- **Exercise**
Taking the entries below, transcribe only the lines starting with the one with "Debris flow hit a village." and going on through the one with "Pilot Hole Cover Plate (IP65/IP66)", exactly as written, without the pictures.

- **Exercise materials**
....................
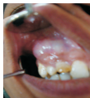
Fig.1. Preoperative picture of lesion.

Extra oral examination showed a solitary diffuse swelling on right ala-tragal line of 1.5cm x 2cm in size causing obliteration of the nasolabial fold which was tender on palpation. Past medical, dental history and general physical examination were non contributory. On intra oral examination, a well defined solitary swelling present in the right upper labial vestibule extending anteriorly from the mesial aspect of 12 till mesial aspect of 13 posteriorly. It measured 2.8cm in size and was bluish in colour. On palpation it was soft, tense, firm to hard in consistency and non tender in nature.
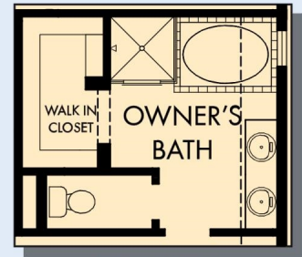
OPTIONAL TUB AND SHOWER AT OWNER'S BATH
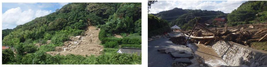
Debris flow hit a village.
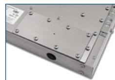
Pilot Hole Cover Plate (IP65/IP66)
....................
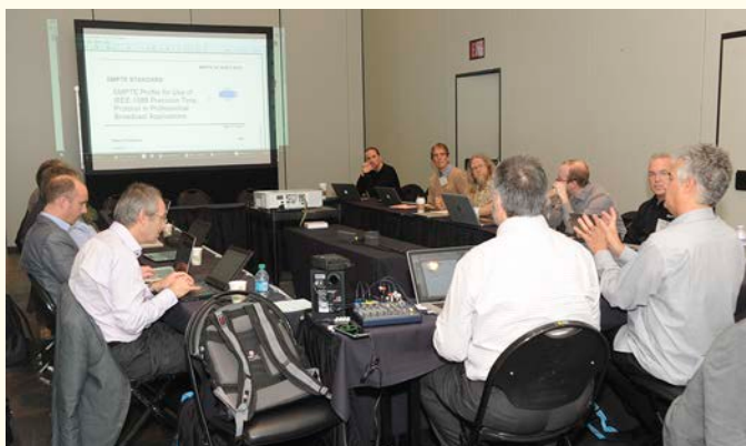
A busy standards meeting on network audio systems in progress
....................
- **Output**
Debris flow hit a village.
Pilot Hole Cover Plate (IP65/IP66)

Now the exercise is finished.